# Exercise prompt
Transcribe each entry exactly; skip the images.
··········
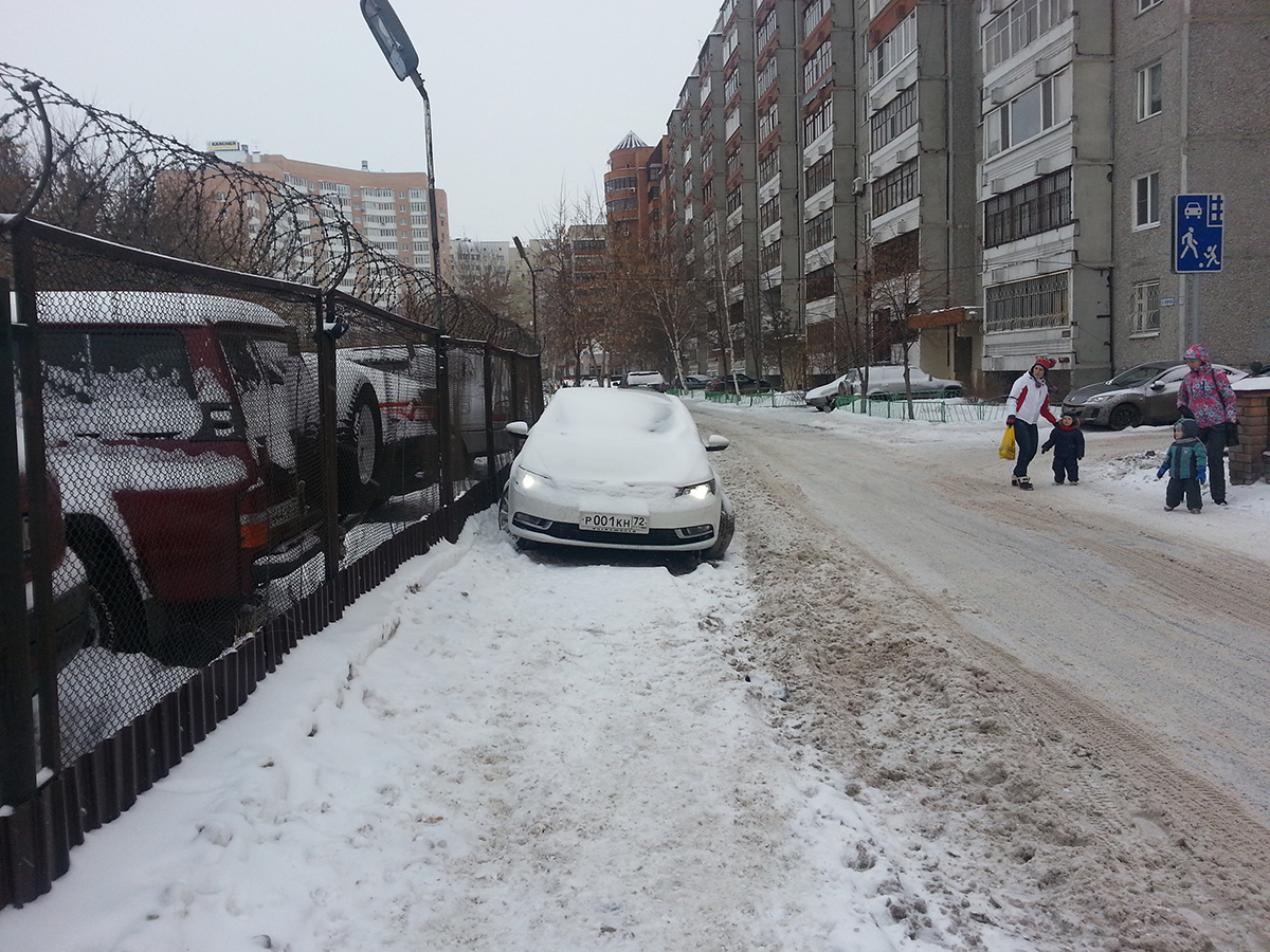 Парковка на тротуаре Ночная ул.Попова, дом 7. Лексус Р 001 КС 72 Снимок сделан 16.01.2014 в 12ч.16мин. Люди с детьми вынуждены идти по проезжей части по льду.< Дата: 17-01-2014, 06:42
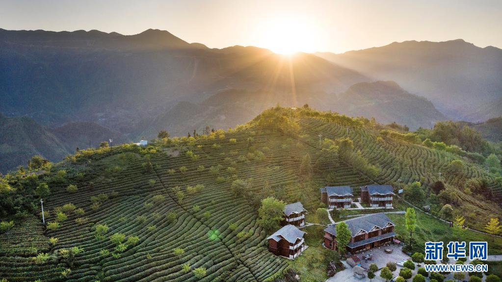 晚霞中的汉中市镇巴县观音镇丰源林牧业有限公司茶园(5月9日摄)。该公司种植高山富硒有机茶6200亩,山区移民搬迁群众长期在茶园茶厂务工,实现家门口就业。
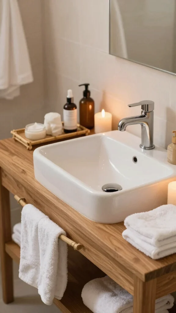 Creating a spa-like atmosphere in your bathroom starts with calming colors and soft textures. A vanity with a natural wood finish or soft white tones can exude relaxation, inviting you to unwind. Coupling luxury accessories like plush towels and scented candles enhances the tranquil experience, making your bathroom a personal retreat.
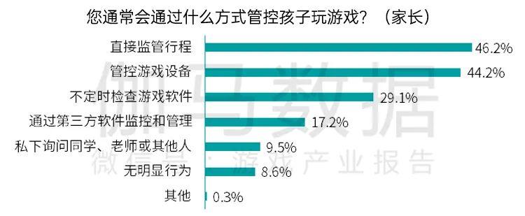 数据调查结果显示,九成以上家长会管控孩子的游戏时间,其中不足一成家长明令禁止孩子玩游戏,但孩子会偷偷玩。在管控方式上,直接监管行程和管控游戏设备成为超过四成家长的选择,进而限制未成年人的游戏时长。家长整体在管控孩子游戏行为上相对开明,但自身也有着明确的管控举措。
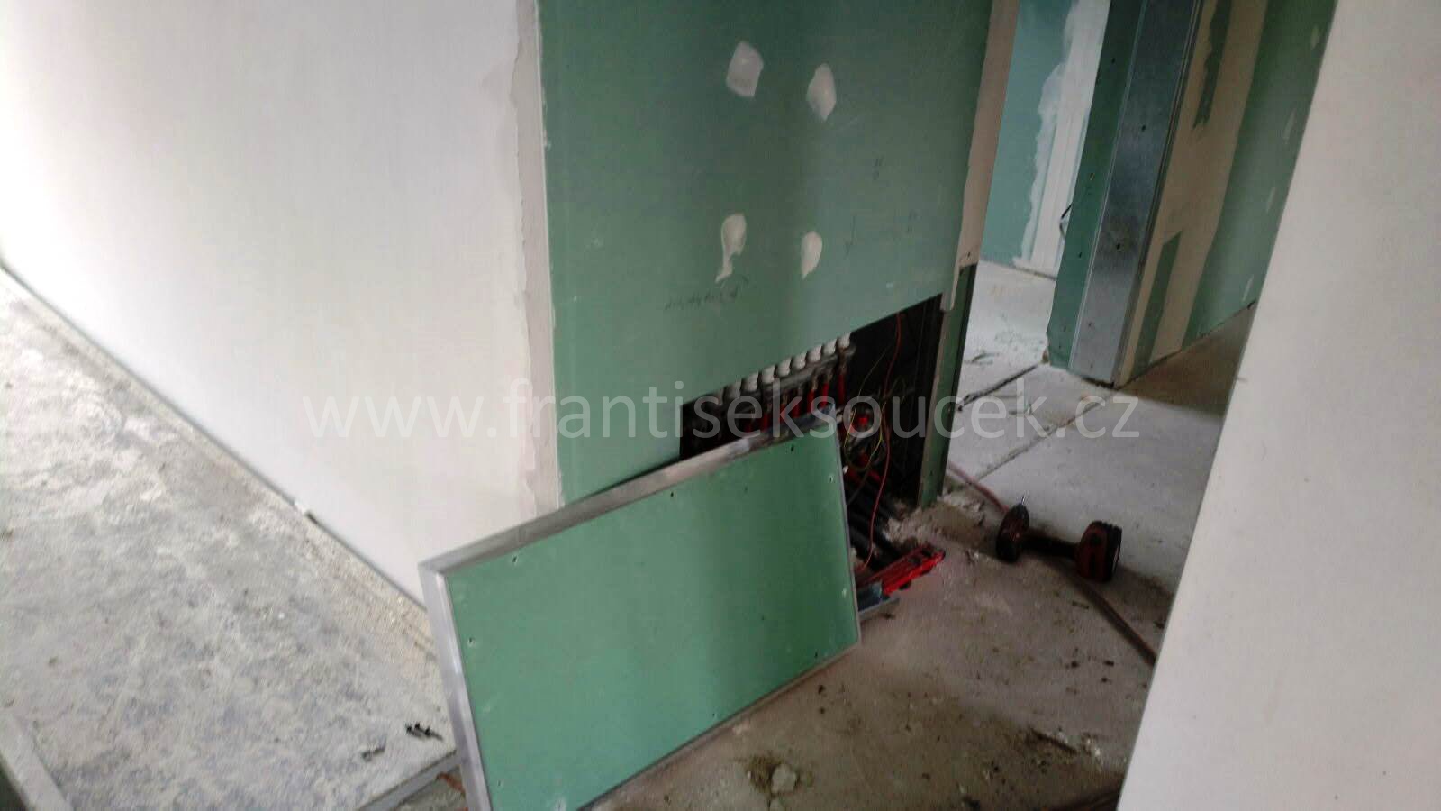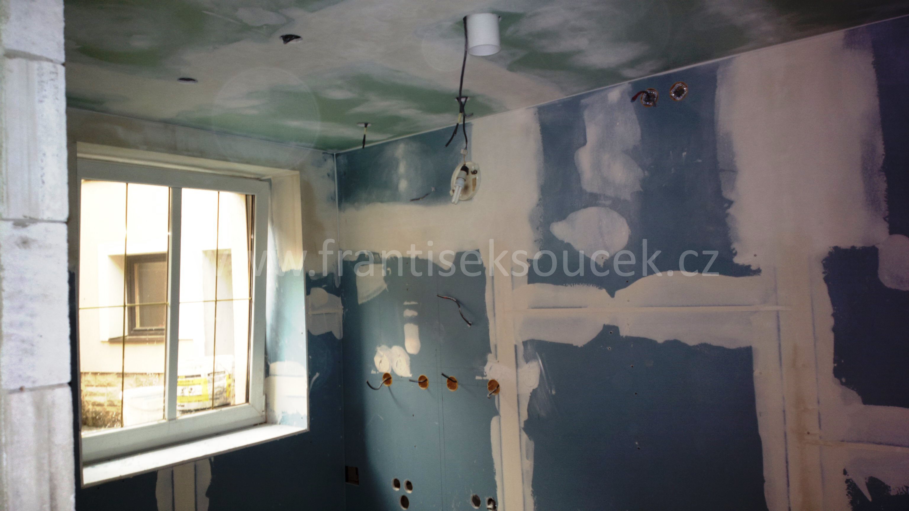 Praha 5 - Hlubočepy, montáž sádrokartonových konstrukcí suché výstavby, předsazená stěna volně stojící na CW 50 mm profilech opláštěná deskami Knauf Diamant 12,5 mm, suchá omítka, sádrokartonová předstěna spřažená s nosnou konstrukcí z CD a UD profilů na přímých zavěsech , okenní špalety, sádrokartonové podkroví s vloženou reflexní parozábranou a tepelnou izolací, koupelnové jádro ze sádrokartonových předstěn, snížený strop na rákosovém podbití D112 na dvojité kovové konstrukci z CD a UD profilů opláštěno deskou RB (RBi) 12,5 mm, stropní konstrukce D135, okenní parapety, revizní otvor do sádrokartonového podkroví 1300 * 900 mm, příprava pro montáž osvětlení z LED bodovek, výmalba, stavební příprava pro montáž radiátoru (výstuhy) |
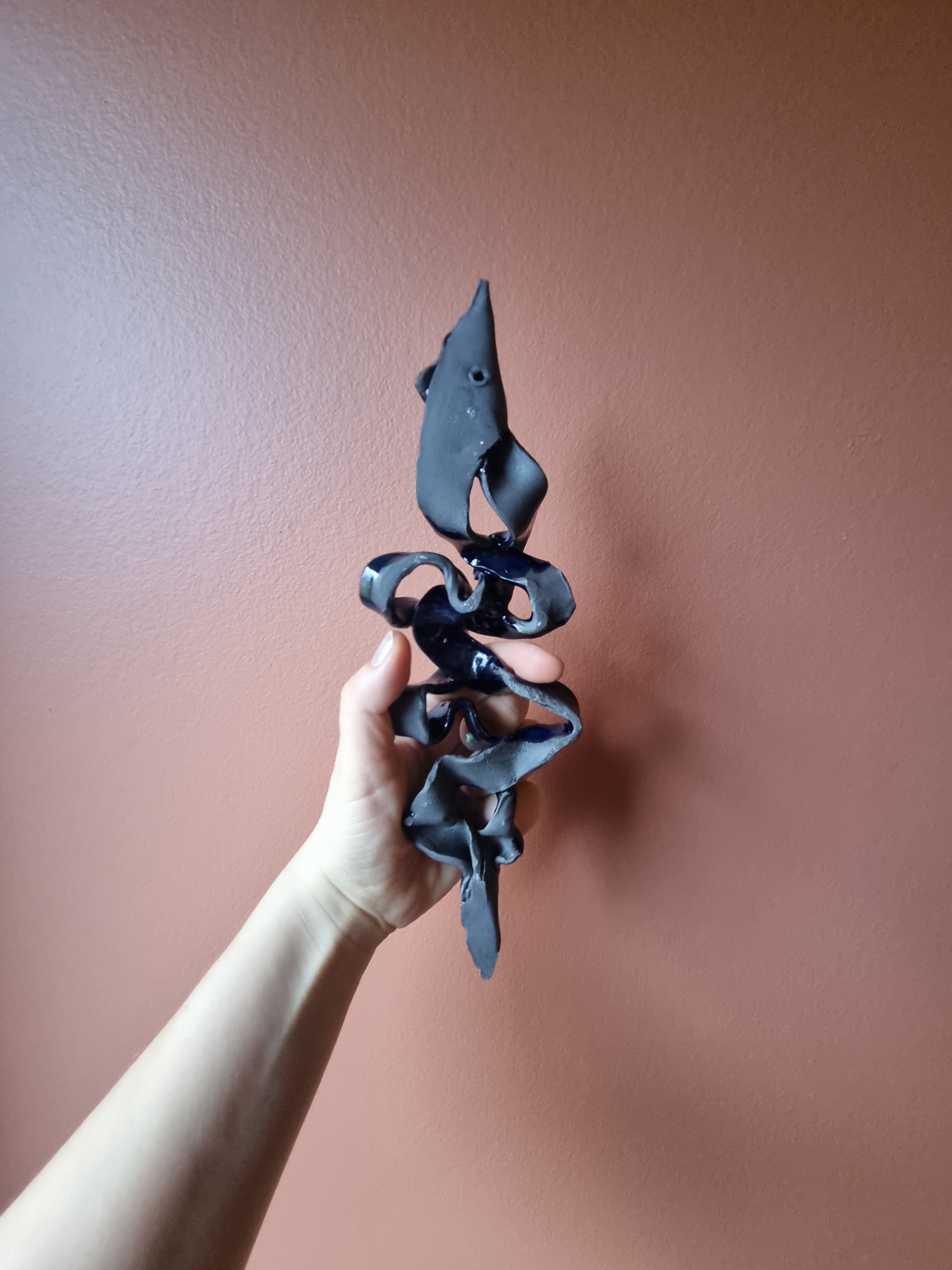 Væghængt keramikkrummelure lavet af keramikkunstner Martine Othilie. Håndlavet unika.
··········
# Result of the task
 Парковка на тротуаре Ночная ул.Попова, дом 7. Лексус Р 001 КС 72 Снимок сделан 16.01.2014 в 12ч.16мин. Люди с детьми вынуждены идти по проезжей части по льду.< Дата: 17-01-2014, 06:42
 晚霞中的汉中市镇巴县观音镇丰源林牧业有限公司茶园(5月9日摄)。该公司种植高山富硒有机茶6200亩,山区移民搬迁群众长期在茶园茶厂务工,实现家门口就业。
 Creating a spa-like atmosphere in your bathroom starts with calming colors and soft textures. A vanity with a natural wood finish or soft white tones can exude relaxation, inviting you to unwind. Coupling luxury accessories like plush towels and scented candles enhances the tranquil experience, making your bathroom a personal retreat.
 数据调查结果显示,九成以上家长会管控孩子的游戏时间,其中不足一成家长明令禁止孩子玩游戏,但孩子会偷偷玩。在管控方式上,直接监管行程和管控游戏设备成为超过四成家长的选择,进而限制未成年人的游戏时长。家长整体在管控孩子游戏行为上相对开明,但自身也有着明确的管控举措。
 Praha 5 - Hlubočepy, montáž sádrokartonových konstrukcí suché výstavby, předsazená stěna volně stojící na CW 50 mm profilech opláštěná deskami Knauf Diamant 12,5 mm, suchá omítka, sádrokartonová předstěna spřažená s nosnou konstrukcí z CD a UD profilů na přímých zavěsech , okenní špalety, sádrokartonové podkroví s vloženou reflexní parozábranou a tepelnou izolací, koupelnové jádro ze sádrokartonových předstěn, snížený strop na rákosovém podbití D112 na dvojité kovové konstrukci z CD a UD profilů opláštěno deskou RB (RBi) 12,5 mm, stropní konstrukce D135, okenní parapety, revizní otvor do sádrokartonového podkroví 1300 * 900 mm, příprava pro montáž osvětlení z LED bodovek, výmalba, stavební příprava pro montáž radiátoru (výstuhy) |
 Væghængt keramikkrummelure lavet af keramikkunstner Martine Othilie. Håndlavet unika.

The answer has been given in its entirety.